Figure 5. Inhibitors of EMT-related signaling pathways. Various inhibitory molecules block the activation of these pathways and the occurrence of EMT by targeting key factors in the signaling pathways, thus reversing drug resistance in breast cancer. Image created using Bio-Render.com software.
Due to the crosstalk and interference between signaling pathways, which affect and interact with each other, a drug or inhibitor may induce the participation and alteration of multiple factors and signaling pathways simultaneously. For example, besides suppressing TGF-β/Smad and PI3K/AKT signaling, curcumin is also reported to be associated with multiple signaling cascades, such as Notch, NF-κB and Wnt/β-catenin pathway (163). Especially in the Wnt pathway, curcumin hampers activation of Slug and suppresses CSCs by blocking nuclear translocation of β-catenin (225). Similarly, in addition to targeting the Wnt pathway, salinomycin in combination with budesonide may suppress stemness of TNBC cells and activate apoptosis by inhibiting AKT/mTOR pathway and EMT (226). Pentadecanoic acid can inhibit multiple survival signaling pathways (MAPK, ERK1/2, mTOR and EGFR) and EMT, resulting in reversal of tamoxifen resistance (227). Consistently, BYL-719, as a PI3K inhibitor, can not only block the PI3K/AKT/mTOR pathway, but also inhibit the Notch, JAK/STAT, and MAPK/ERK pathways, ultimately inhibiting EMT and overcoming drug resistance (217). Therefore, the action of a drug or inhibitor may involve more than one signaling pathway, and overcoming drug resistance may be the result of the synergy and interaction of multiple pathways.
5.2 Inhibitors of EMT-TFs
Targeting EMT-TFs is another therapeutic strategy to overcome drug resistance in breast cancer. It is reported that overexpression of Snail in MCF-7 cells increases the level of P-gp and shows a tendency to develop resistance to adriamycin, therefore, Snail is a promising target (228). SNAI1 enhancer RNA depletion inhibits the EMT process and chemoresistance of breast cancer cells (229). MCF-7 cells transfected with pCDNA3.1-Snail can promote EMT characterization, which leads to an increased expression of BCRP and drug resistance to mitoxantrone (230). AMP-activated protein kinase (AMPK) agonists can enhance the sensitivity of TNBC cells to chemotherapy by phosphorylating Snail1 (231). The interaction between N-terminal SNAG repressor domain and LSD1 plays an important role in Slug activating EMT (65, 232), and LSD1 can maintain the CSC-like phenotype and induce doxorubicin resistance in breast cancer (233). The application of LSD1 inhibitors, 2-PCPA and GSK-LSD1, can significantly reduce CSCs, and the combination therapy with doxorubicin improves the sensitivity of cancer cells (233).

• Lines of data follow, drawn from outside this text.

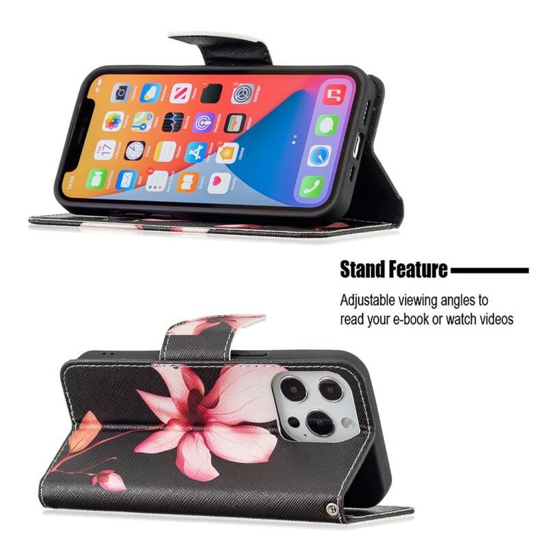 For iPhone 13 Pro Max Colored Drawing Pattern Horizontal Flip Leather Case with Holder & Card Slots & Wallet (Lotus)
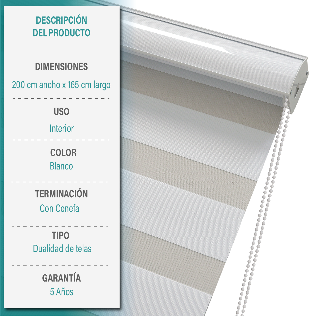 Cortina Roller Duo Zebra Día Y Noche 200 X 165 Cm Color Blanco Marca Aura
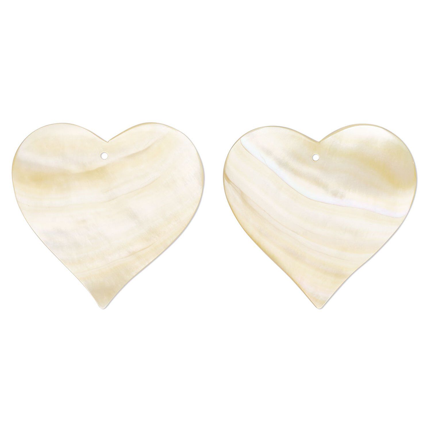 Focal, gold lip shell (natural), 32mm hand-cut top-drilled single-sided heart, Mohs hardness 3-1/2. Sold per pkg of 2.
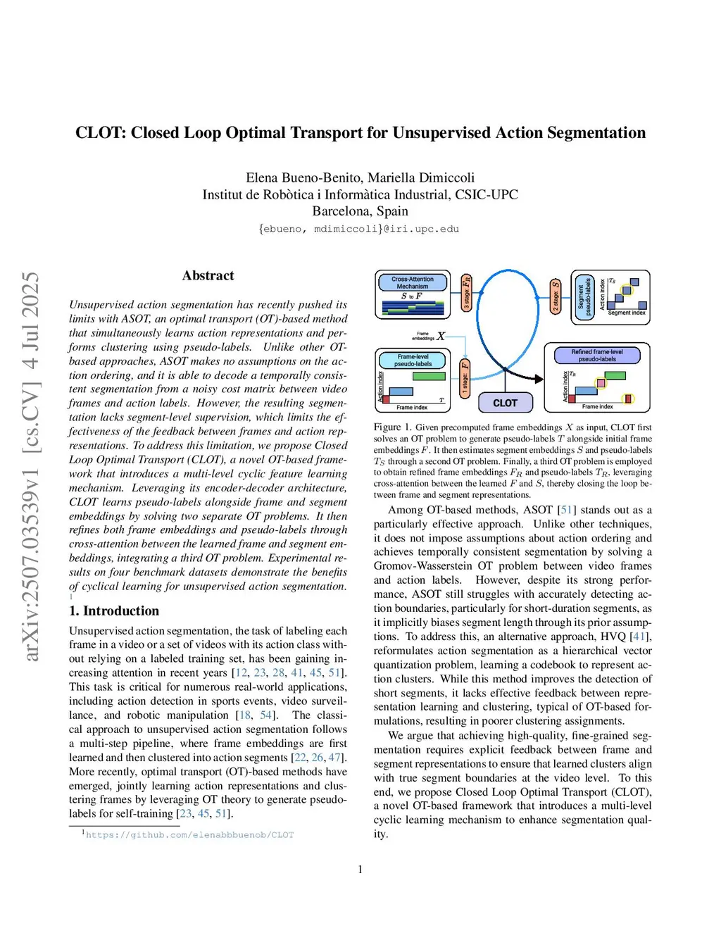 CLOT: Closed Loop Optimal Transport for Unsupervised Action Segmentation
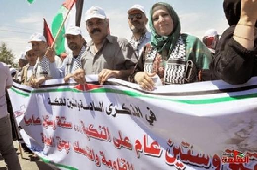 خرجنا اليوم لنؤكد للعالم بأن الشعب الفلسطيني لن يتنازل عن حقه في العودة إلي أراضيه التي هجر منها قصرا .. وقررنا إعادة توجيه البوصلة نحو الاحتلال الإسرائيلي المسؤول الحقيقي عن نكبات و ويلات شعبنا الفلسطيني ونقول بأن الشعب الفلسطيني لن ينسي حقه أبد الدهر .. ونطالب العالم العربي بالتوقف عن الشجب والإستنكار والتحرك الفوري من أجل تحرير مقدساتنا الإسلامية والمسيحية .. وقال حميد : نحن في حركة فتح في هذه الذكري الأليمة وهي ذكري النكبة أل 66 نلتف حول قيادتنا الفلسطينية وعلي رأسها رئيس دولة فلسطين القائد / محمود عباس ( أبومازن ) نحو إنجاز مشروعنا الوطني في قيام دولتنا الفلسطينية المستقلة وعاصمتها القدس الشريف وحل عادل للاجئين الفلسطينين حسب القرار الدولي 194 وهو حق العودة لمدننا وقرانا الفلسطينية التي هجرنا منها قصرا . وكنس المستوطنات من أرضنا الفلسطينية في الضفة الغربية والقدس العاصمة . والإفراج عن جميع أسرانا من السجون الإسرائيلية .. عاشت دولة فلسطين حرة عربية مستقلة .. عاشت نضالات شعبنا من أجل الإستقلال والحرية .. الرحمة لشهدائنا الأبرار .. والحرية لأسرانا البواسل .. والشفاء العاجل لجرحانا ..
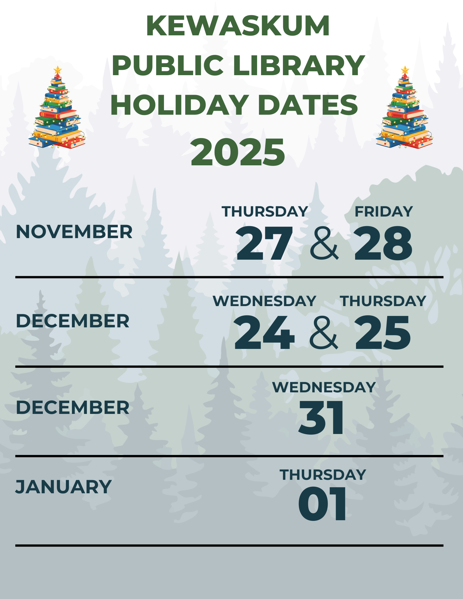 Closures Sometimes it is nice to read at home. Please note our closures for the remainder of the year.
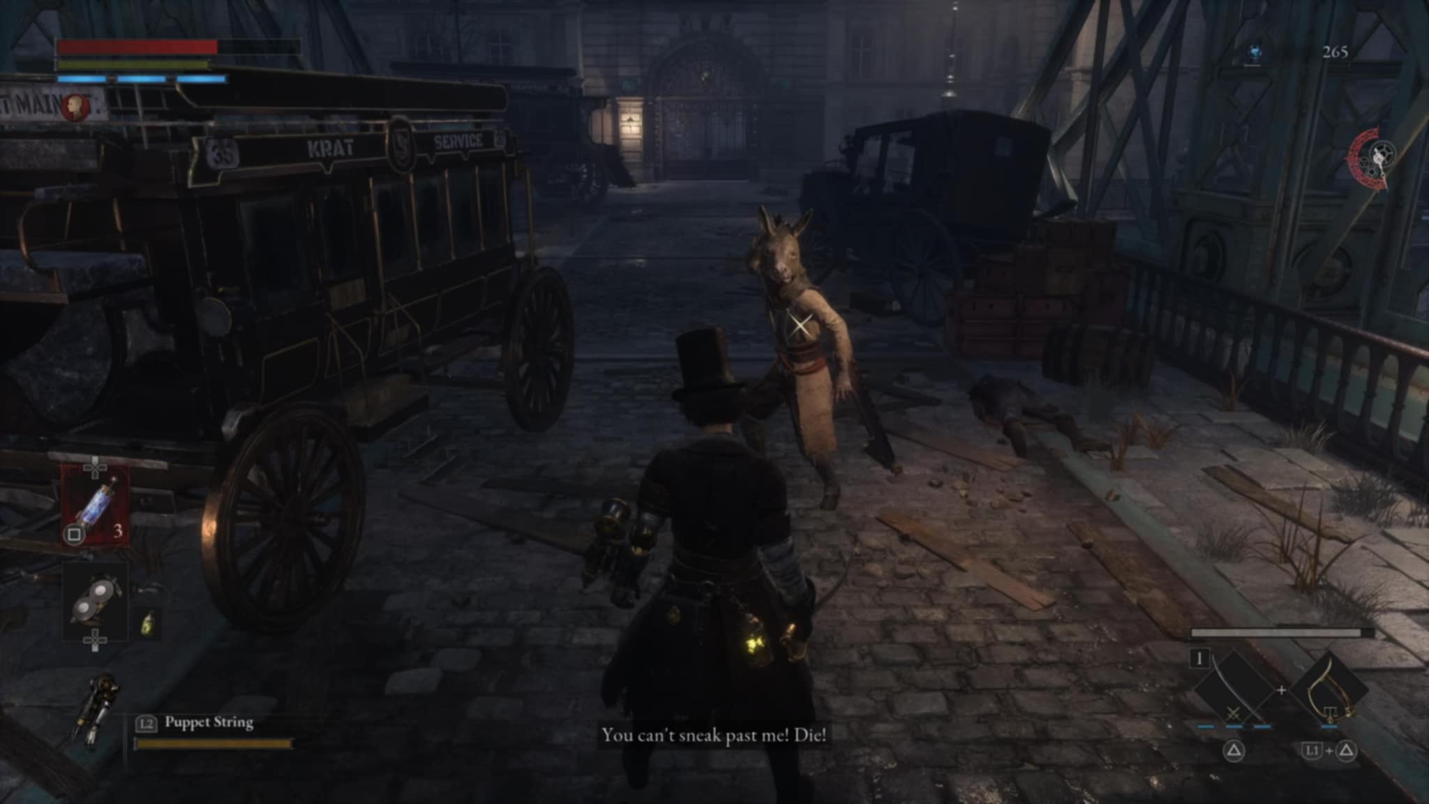 You meet the Mad Donkey while crossing the bridge to the Krat City Hall, with him banging on a stagecoach containing a certain creator of yours, wink-wink. He is dying and is rather upset at the situation in the city when you encounter him. Attempting to pass will cause him to take his weapon out, a saw blade not dissimilar to one of the starting weapons from Bloodborne, and he wastes no time attacking you. Unlike the previous boss you will have encountered, the Parade Master, this enemy is fast, able to swiftly close the distance. This being said, he also has a big blade he swings around, which telegraphs his attacks easily for you.

The overexpression of TWIST1 in palbociclib-resistant luminal breast cancer activates EMT (234). Moreover, the survival time of mice treated with pSilencer-twist and adriamycin was significantly prolonged compared to mice treated with adriamycin alone, suggesting that inhibiting Twist may be a possible method to enhance chemotherapy efficacy and reverse drug resistance (20). Similarly, Twist1 siRNA can reverse the high expression of EMT markers induced by adriamycin, and the anti-cancer efficacy in combination with adriamycin is significantly better than that of monotherapy (20). The CDK1 inhibitor RO-3306 can significantly inhibit the CSC/EMT-like phenotype and increase the sensitivity of TNBC cells to cisplatin and paclitaxel by downregulating the protein level of TWIST1 (235).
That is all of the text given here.